KnigaRead.com/
KnigaRead.com » Проза » Русская классическая проза » Максим Горький - Том 8. Жизнь ненужного человека. Исповедь. Лето

Максим Горький - Том 8. Жизнь ненужного человека. Исповедь. Лето

На нашем сайте KnigaRead.com Вы можете абсолютно бесплатно читать книгу онлайн Максим Горький, "Том 8. Жизнь ненужного человека. Исповедь. Лето" бесплатно, без регистрации.
Перейти на страницу:

— Почему, глупый? Ведь в конторе легче и почётнее!

Стою на своём.

Склонил он голову, подумал.

— Благословляю, — говорит. — Чудной ты парень однако — надо следить за тобою… Иди с миром!

Пошёл я в лес.

Весна была тогда, апрель холодный.

Работа трудная, лес — вековой, коренье редькой глубоко ушло, боковое толстое, — роешь-роешь, рубишь-рубишь — начнёшь пень лошадью тянуть, старается она во всю силу, а только сбрую рвёт. Уже к полудню кости трещат, и лошадь дрожит и в мыле вся, глядит на меня круглым глазом и словно хочет сказать:

«Не могу, брат, трудно!»

Поглажу её, похлопаю по шее.

— Вижу! — И снова рыть да рубить, а лошадь смотрит, встряхивая шкурой и качая головой. Лошади — умные; я полагаю, что бессмыслие деяний человеческих им видимо.

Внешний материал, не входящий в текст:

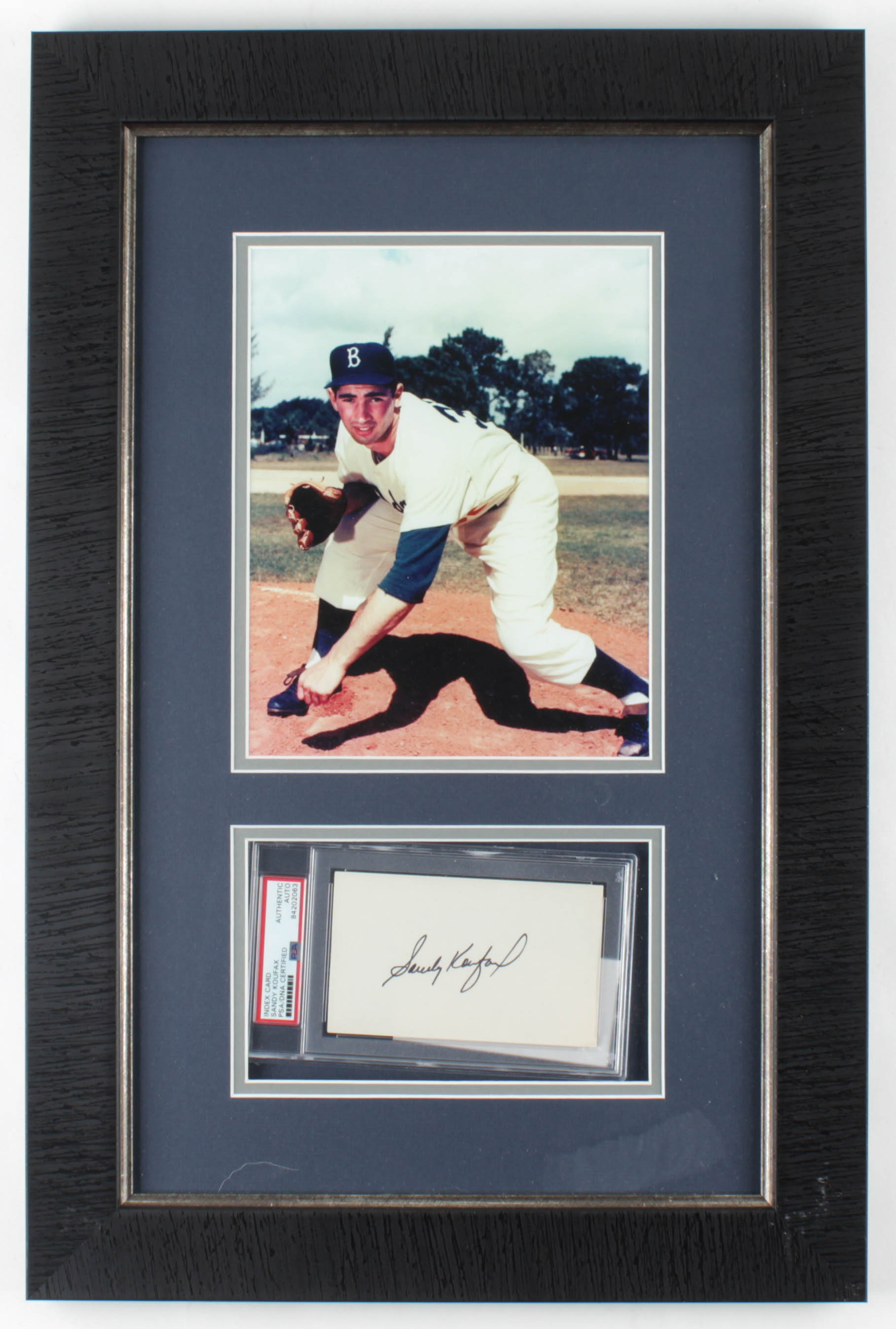 Custom frame measures approximately 15.5" x 23.5" in size and features a cut that has been hand-signed by Sandy Koufax (Brooklyn Dodgers, HOF).

В это время была у меня встреча с Михайлой; чуть-чуть она худо не кончилась для нас. Иду я однажды после трапезы полуденной на работу, уже в лес вошёл, вдруг догоняет он меня, в руках — палка, лицо озверевшее, зубы оскалил, сопит, как медведь… Что такое?

Остановился, жду. А он, ни слова не говоря, как размахнётся палкой на меня! Я вовремя согнулся, да в живот ему головой; сшиб с ног, сел на груди, палку вырвал, спрашиваю:

— Ты что это? За что?

Он возится подо мной, хрипит:

— Уходи прочь из обители…

— Почему?

— Не могу тебя видеть, убью… Уходи!

Глаза у него красные, и слёзы выступают из них тоже будто красные, а на губах пена кипит. Рвёт он мне одежду, щиплет тело, царапается, всё хочет лицо достать. Я его тиснул легонько, слез с грудей и говорю:

— На тебе же чин монашеский лежит, а ты, скот, такую злобу носишь в себе! И — за что?

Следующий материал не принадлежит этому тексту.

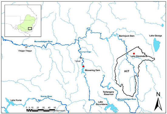 Epizootic haematopoietic necrosis virus (EHNV) is an aquatic pathogen that has been of international concern since its emergence in the early 1980s and is listed by the World Organization for Animal Health [1]. Infection with EHNV is systemic and causes epizootic hematopoietic necrosis (EHN), a disease characterized by extensive visceral tissue damage leading to mortality [2,3]. The first epidemics caused by EHNV occurred in freshwater impoundments in central Victoria (VIC), including Lake Mokoan and Nillahcootie in the Broken River catchment. Several populations of wild redfin perch (Perca fluviatilis) were impacted in the period from 1984 to 1986 [4,5]. These first epidemics often resulted in the mortality of tens of thousands of juvenile redfin perch and, in some outbreaks, adult fish were also affected. From 1986 to the mid-1990s, outbreaks of EHN in redfin perch and farmed rainbow trout (Oncorhynchus mykiss) were reported across the Murray–Darling Basin (MDB) in southeastern Australia [6].

Сидит он в грязи и настойчиво требует:

— Уйди! Не губи мою душу…

Ничего не понимаю. Потом — догадался, спрашиваю его тихонько:

— Может, ты, Миха, думаешь, что я сказал кому-нибудь о пороке твоём? Напрасно; никому я не говорил, ей-ей!

Встал он, пошатнулся, обнял дерево, глядит на меня из-за ствола дикими глазами и рычит:

— Пусть бы ты всему миру сказал — легче мне! Пред людьми покаюсь, и они простят, а ты, сволочь, хуже всех, — не хочу быть обязан тебе, гордец ты и еретик! Сгинь, да не введёшь меня в кровавый грех!

— Ну, уж это, — мол, — ты сам уходи, коли тебе надо, я — не уйду, так и знай!

А он снова бросился на меня, и упали мы оба в грязь, выпачкались, как лягушки. Оказался я много сильнее его, встал, а он лежит, плачет, несчастный.

— Слушай, Михайла, — говорю. — Я уйду немного погодя, а теперь — не могу! Не из упрямства это, а нужда у меня, надо мне здесь быть!

— Иди к дьяволу, отцу твоему! — стонет он и зубами скрипит.

Отошёл я от него, а через мало дней велено было ему ехать в город на подворье монастырское, и больше не видал я его.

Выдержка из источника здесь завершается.